Many banks expect further delays to the adoption of advanced approaches - FIRB and AIRB for credit risk and AMA for operational risk - with some looking to take a more phased approach. Of the three regions, respondents were least positive that the US would be able to meet the schedule for adopting the advanced approaches, with more than 50% of respondents expecting further delays there.

In September 2005, the four federal agencies responsible for regulating US banks jointly had announced they would postpone the implementation of Basel II by a year. A dozen or so of the biggest US banks will now implement AIRB in January 2009, with January 2008 as the first opportunity for banks to conduct parallel running.

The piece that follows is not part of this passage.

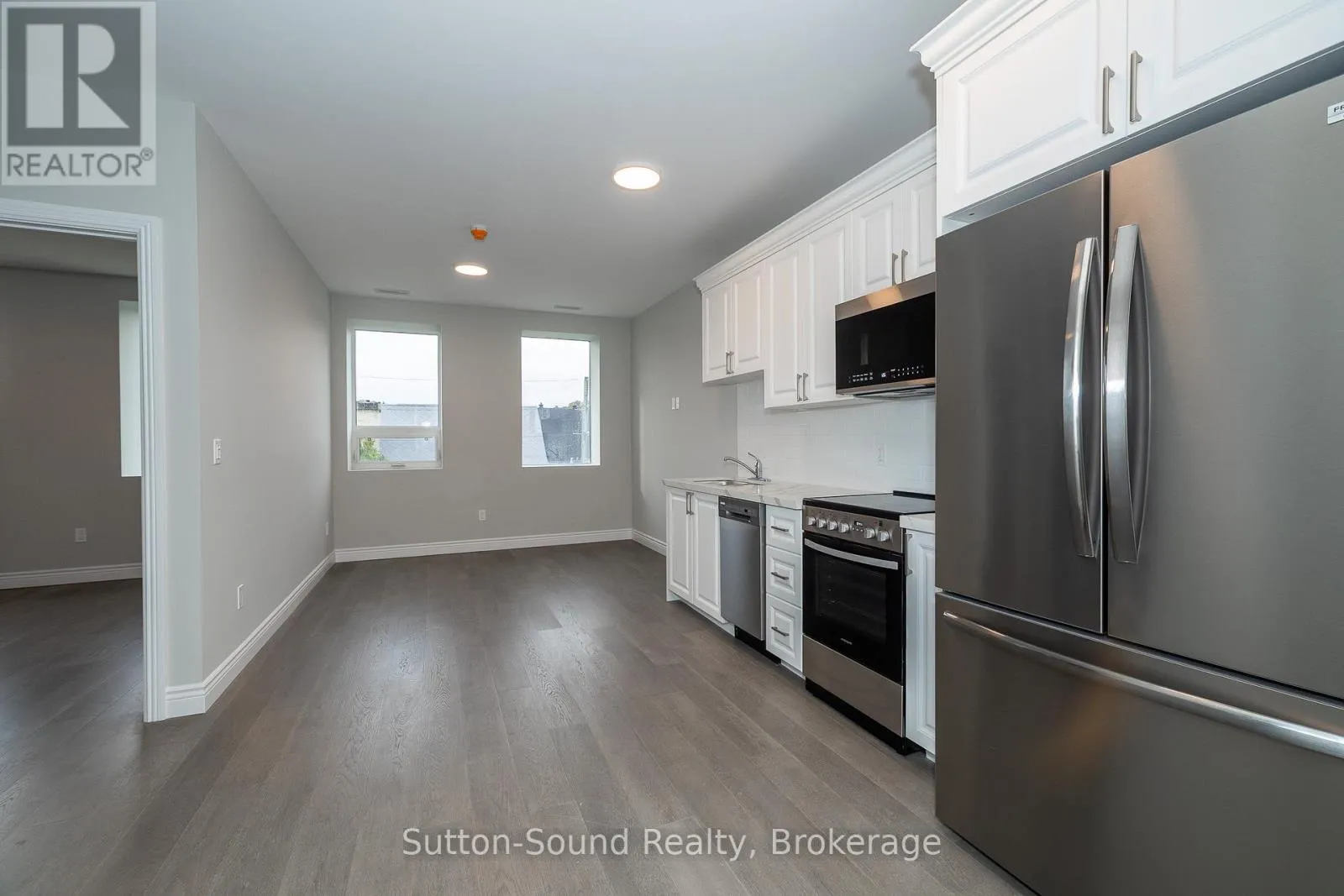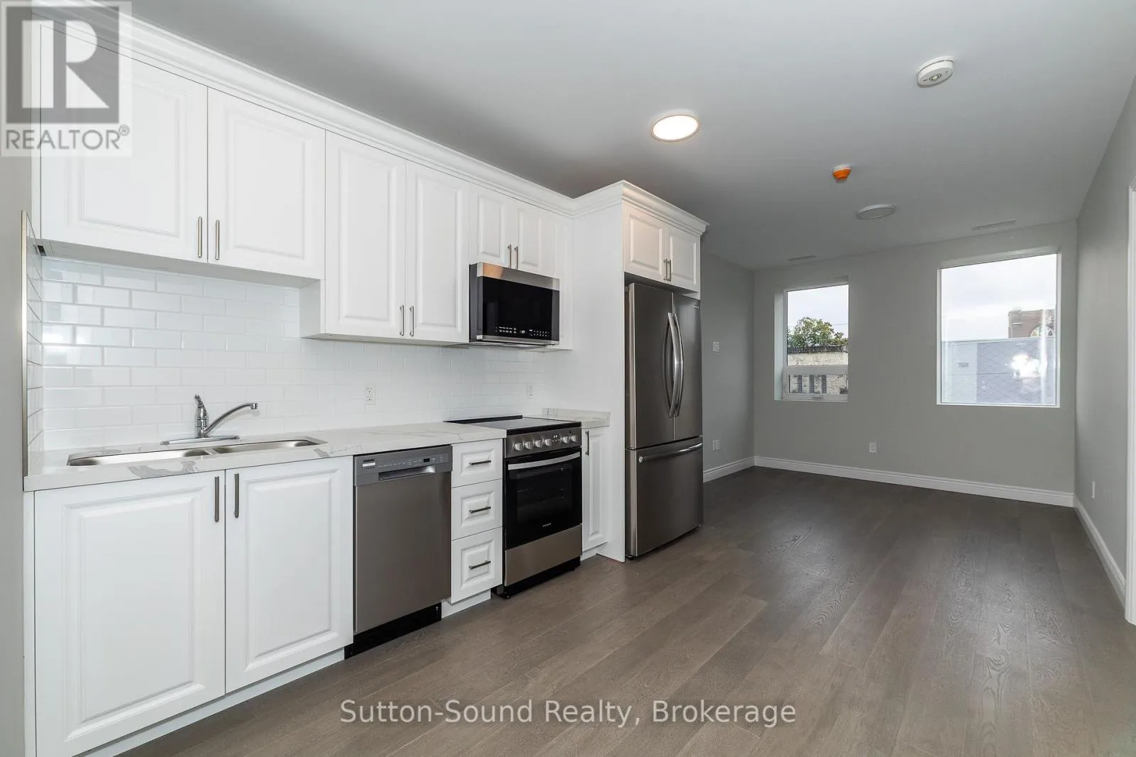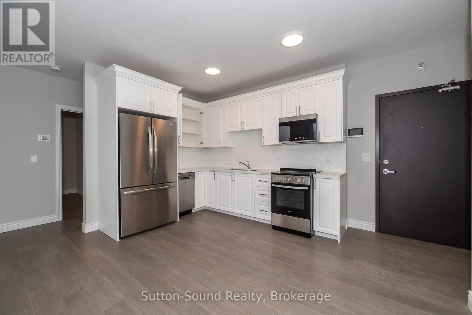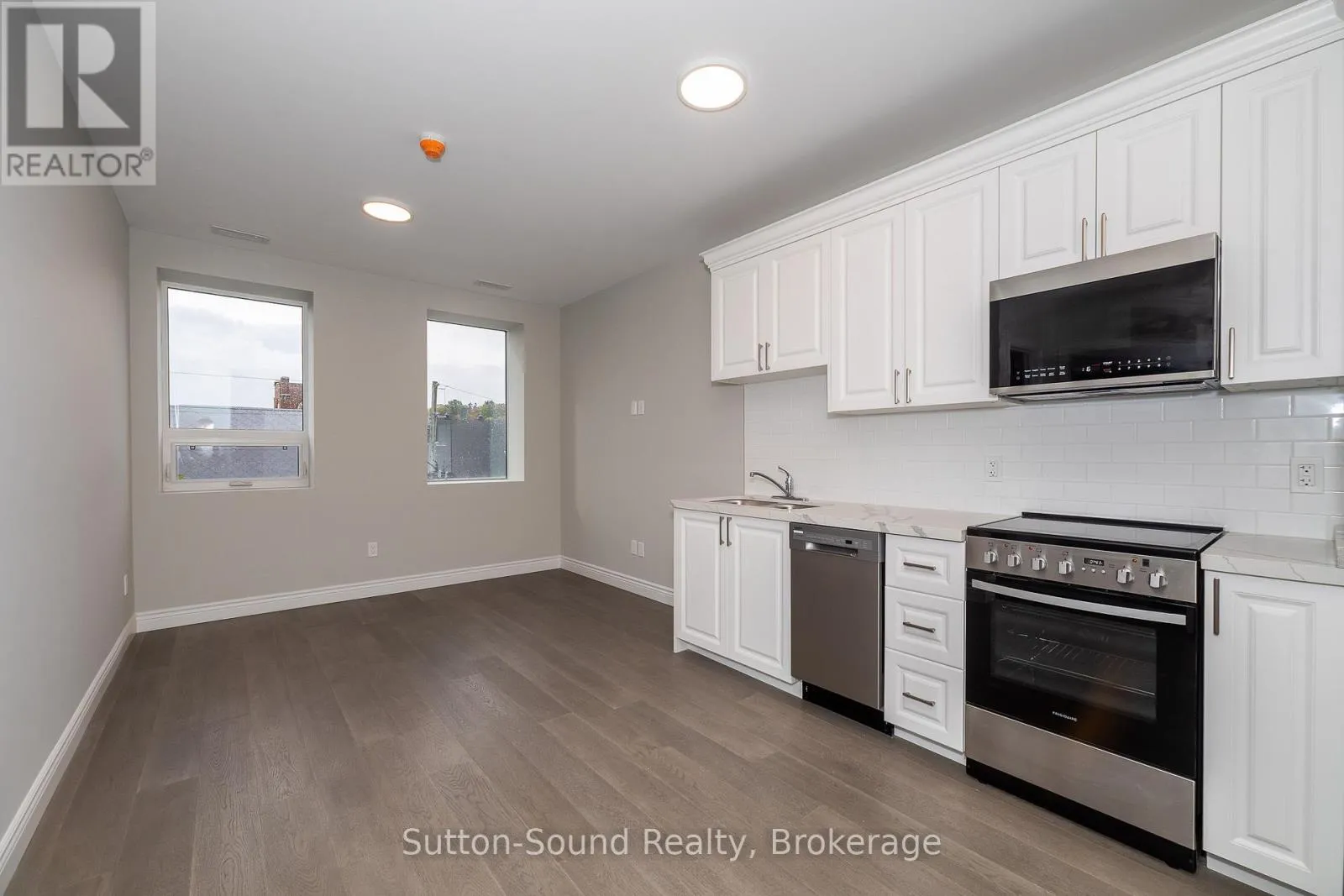 Cross Streets: 9th St. West & 1st Ave West. ** Directions: 920 1st Ave West, Owen Sound. Welcome to the Edgewater building in beautiful Owen Sound. This apartments are an all in cost for you. Included in the rent is your highspeed internet, cable, telephone, all utilities and parking. A close walk to the downtown with all the amenities any person could want. These high quality units are done with hardwood floors for easy up keep and in unit laundry. Quartz counter tops in the kitchen and 9 foot ceilings with an open concept and built in closet organizers. No wasted space in these amazing units. A common room for family gatherings and a roof top patio with out door kitchen for beautiful evenings for your enjoyment. A total of 21 units are available for lease in this building. (id:27476)

While many Asia-Pacific banks expect delays, several jurisdictions in the region are moving forward with their implementation timetables. For example, it is understood that the large Singapore banks are expected to adopt FIRB on the initial implementation date and AIRB fairly shortly after that. Large Korean banks, meanwhile, are looking to implement IRB approaches by January 2008.

The US timetable is less closely aligned than the European one with that in the Asia-Pacific. As a result, in some jurisdictions, a US bank with operations in Asia will have to implement earlier in certain Asian countries than on a consolidated basis in the US, says Straley. "This is less of an issue for European institutions here in Asia, because the timetables are more aligned," he adds.

The survey also found that the cost of implementing Basel II differs by region, with North American institutions spending on average more than European or Asia-Pacific institutions. Estimates of Basel programme costs have risen over the past two years. On average, more than half of respondents expect Basel II to cost their organisation at least $50 million. However, more than 90% of respondents agreed that Basel II will bring more comprehensive risk information and a better understanding of risk.

The 2006 Basel II Global Survey is the third annual global Basel survey from Ernst & Young. The latest survey was conducted online by the Economist Intelligence Unit on behalf of Ernst & Young from 31 January to March 10, 2006. Ernst & Young also conducted an Asia-Pacific Basel survey that was published in the December 2004 issue of Asia Risk.